DATA TO EXAMINE:
• • • •
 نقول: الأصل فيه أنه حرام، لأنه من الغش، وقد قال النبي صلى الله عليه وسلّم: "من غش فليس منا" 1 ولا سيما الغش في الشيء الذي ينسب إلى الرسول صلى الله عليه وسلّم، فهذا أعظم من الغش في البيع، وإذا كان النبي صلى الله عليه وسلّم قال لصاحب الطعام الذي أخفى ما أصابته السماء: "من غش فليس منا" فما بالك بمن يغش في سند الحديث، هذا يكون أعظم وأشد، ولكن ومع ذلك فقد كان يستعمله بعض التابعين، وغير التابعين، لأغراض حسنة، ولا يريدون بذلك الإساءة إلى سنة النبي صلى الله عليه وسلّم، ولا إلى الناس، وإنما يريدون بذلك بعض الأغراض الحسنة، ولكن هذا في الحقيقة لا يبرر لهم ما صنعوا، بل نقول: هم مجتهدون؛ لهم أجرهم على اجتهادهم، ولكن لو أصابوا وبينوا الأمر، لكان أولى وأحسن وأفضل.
• • • •
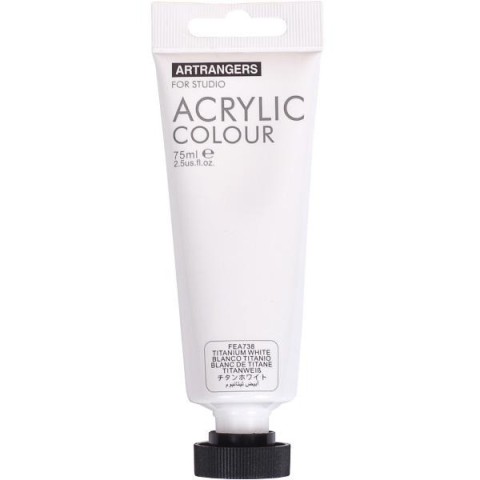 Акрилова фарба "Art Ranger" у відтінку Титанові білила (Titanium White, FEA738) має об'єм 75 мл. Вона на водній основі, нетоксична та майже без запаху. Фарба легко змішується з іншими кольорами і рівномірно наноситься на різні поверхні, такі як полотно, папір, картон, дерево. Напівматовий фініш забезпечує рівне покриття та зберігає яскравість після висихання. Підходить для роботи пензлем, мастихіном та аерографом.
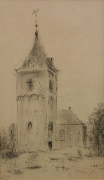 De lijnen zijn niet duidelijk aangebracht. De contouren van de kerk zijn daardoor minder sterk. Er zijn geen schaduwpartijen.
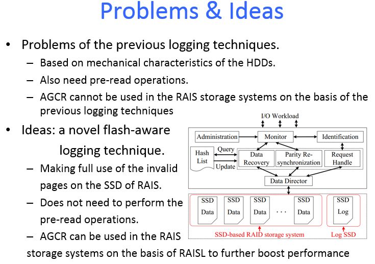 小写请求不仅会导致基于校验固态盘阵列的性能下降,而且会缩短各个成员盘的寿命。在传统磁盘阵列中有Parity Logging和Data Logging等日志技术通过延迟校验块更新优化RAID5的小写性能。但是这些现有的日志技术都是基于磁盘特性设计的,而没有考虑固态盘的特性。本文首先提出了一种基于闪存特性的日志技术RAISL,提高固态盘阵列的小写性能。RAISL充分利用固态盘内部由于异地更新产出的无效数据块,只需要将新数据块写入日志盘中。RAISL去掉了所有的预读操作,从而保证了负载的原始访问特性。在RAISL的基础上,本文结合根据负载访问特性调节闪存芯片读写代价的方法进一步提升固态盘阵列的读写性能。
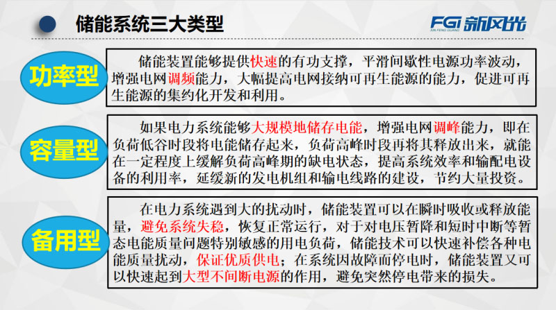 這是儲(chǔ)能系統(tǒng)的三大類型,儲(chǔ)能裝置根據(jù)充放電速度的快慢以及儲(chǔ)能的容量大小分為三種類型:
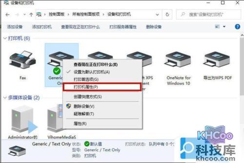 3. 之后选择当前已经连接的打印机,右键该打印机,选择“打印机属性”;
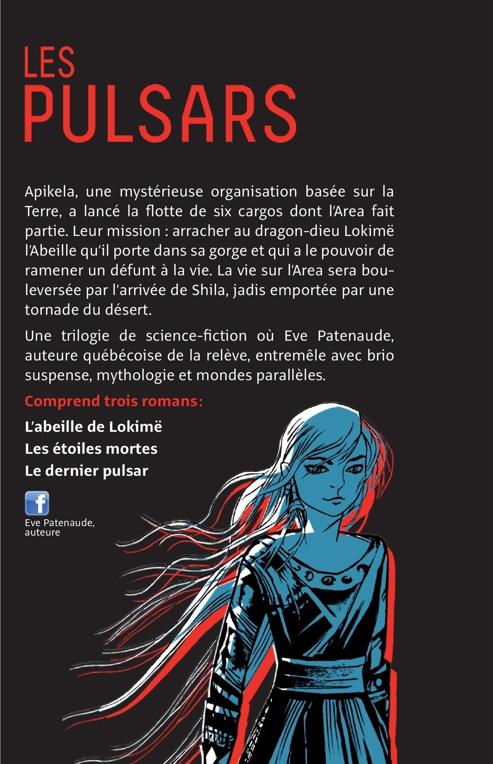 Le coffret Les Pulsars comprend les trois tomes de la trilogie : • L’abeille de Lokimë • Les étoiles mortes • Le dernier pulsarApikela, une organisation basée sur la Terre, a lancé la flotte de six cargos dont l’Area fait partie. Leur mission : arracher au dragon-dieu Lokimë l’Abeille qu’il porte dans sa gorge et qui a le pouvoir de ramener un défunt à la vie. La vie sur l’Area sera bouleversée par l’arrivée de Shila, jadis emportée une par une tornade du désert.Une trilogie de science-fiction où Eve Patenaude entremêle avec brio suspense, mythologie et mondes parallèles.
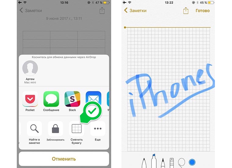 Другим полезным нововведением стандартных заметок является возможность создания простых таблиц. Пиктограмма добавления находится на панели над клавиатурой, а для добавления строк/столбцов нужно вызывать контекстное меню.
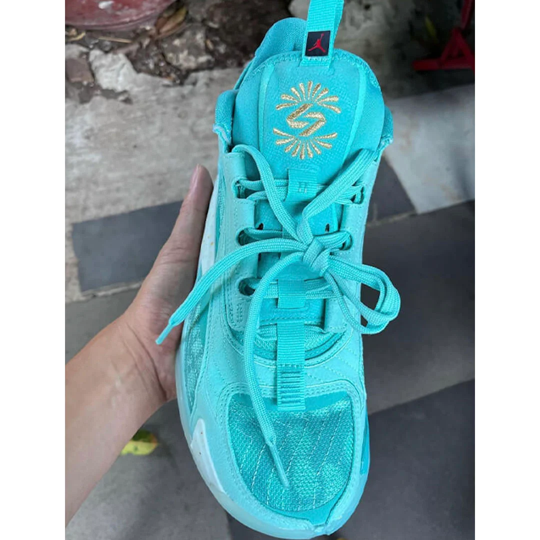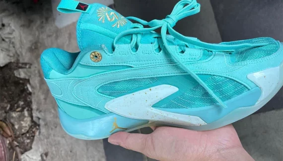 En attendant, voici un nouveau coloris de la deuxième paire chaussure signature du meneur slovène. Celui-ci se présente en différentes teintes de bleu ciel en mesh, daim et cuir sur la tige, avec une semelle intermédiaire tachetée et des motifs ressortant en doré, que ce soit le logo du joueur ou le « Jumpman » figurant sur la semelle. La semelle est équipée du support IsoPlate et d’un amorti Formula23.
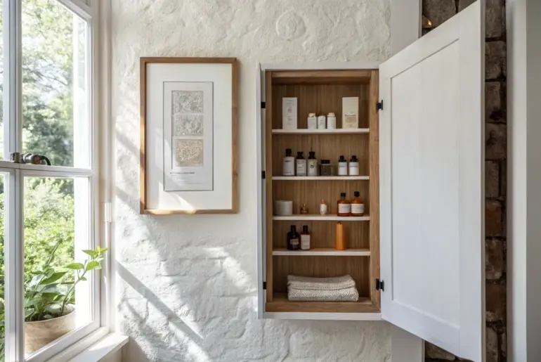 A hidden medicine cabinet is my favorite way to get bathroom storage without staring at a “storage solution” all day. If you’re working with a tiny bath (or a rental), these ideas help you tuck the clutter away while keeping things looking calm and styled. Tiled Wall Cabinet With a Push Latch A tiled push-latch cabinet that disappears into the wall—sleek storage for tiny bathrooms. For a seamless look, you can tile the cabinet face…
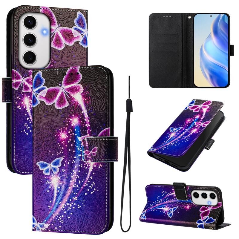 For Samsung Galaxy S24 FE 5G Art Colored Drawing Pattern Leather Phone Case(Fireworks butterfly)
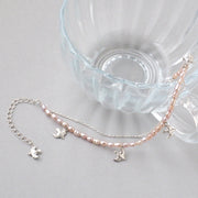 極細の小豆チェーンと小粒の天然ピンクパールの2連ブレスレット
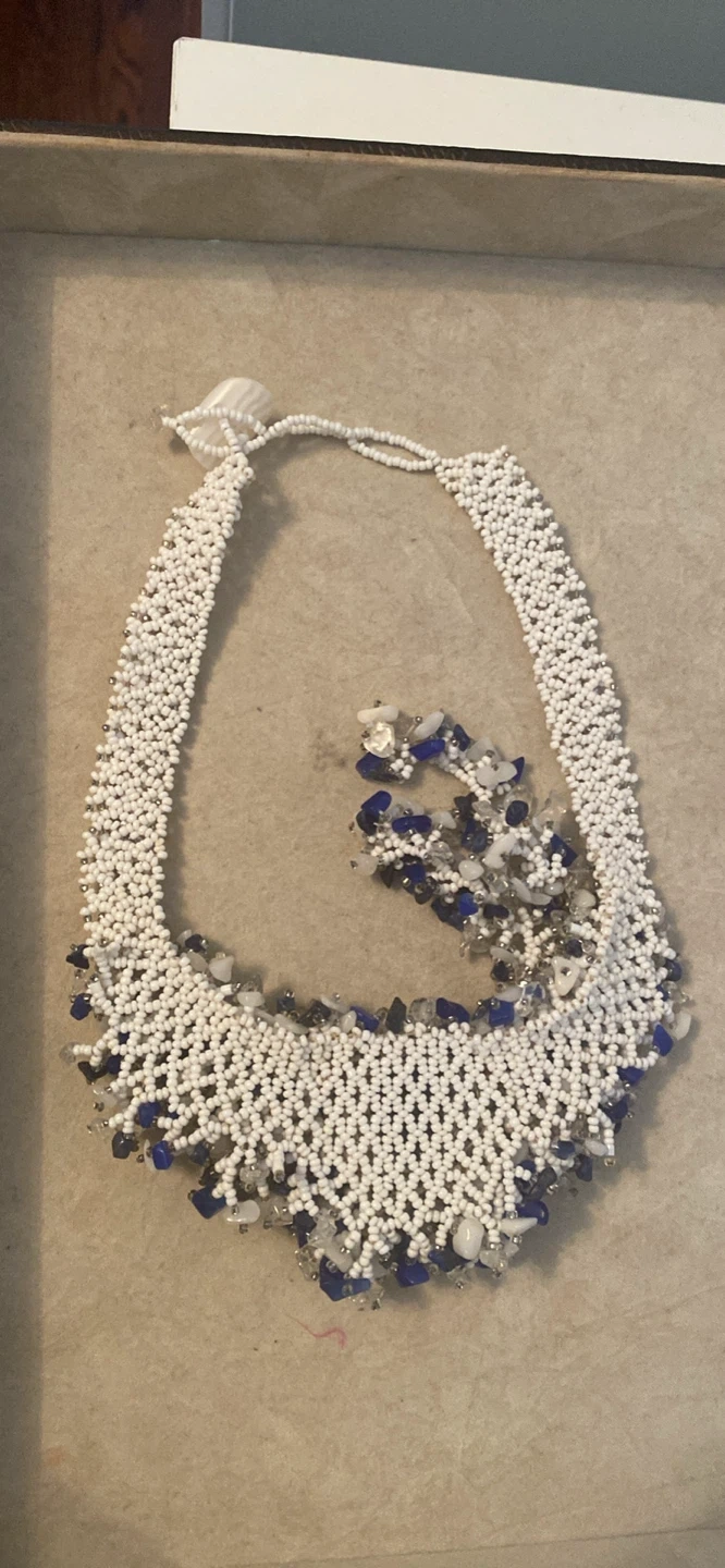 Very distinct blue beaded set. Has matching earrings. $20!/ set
• • • •
WHAT IS REQUIRED: From the records above, copy only the lines running from the line holding "мастихіном та аерографом." through the line holding "De lijnen zijn", with no pictures.

SOLVED EXERCISE:
 Акрилова фарба "Art Ranger" у відтінку Титанові білила (Titanium White, FEA738) має об'єм 75 мл. Вона на водній основі, нетоксична та майже без запаху. Фарба легко змішується з іншими кольорами і рівномірно наноситься на різні поверхні, такі як полотно, папір, картон, дерево. Напівматовий фініш забезпечує рівне покриття та зберігає яскравість після висихання. Підходить для роботи пензлем, мастихіном та аерографом.
 De lijnen zijn niet duidelijk aangebracht. De contouren van de kerk zijn daardoor minder sterk. Er zijn geen schaduwpartijen.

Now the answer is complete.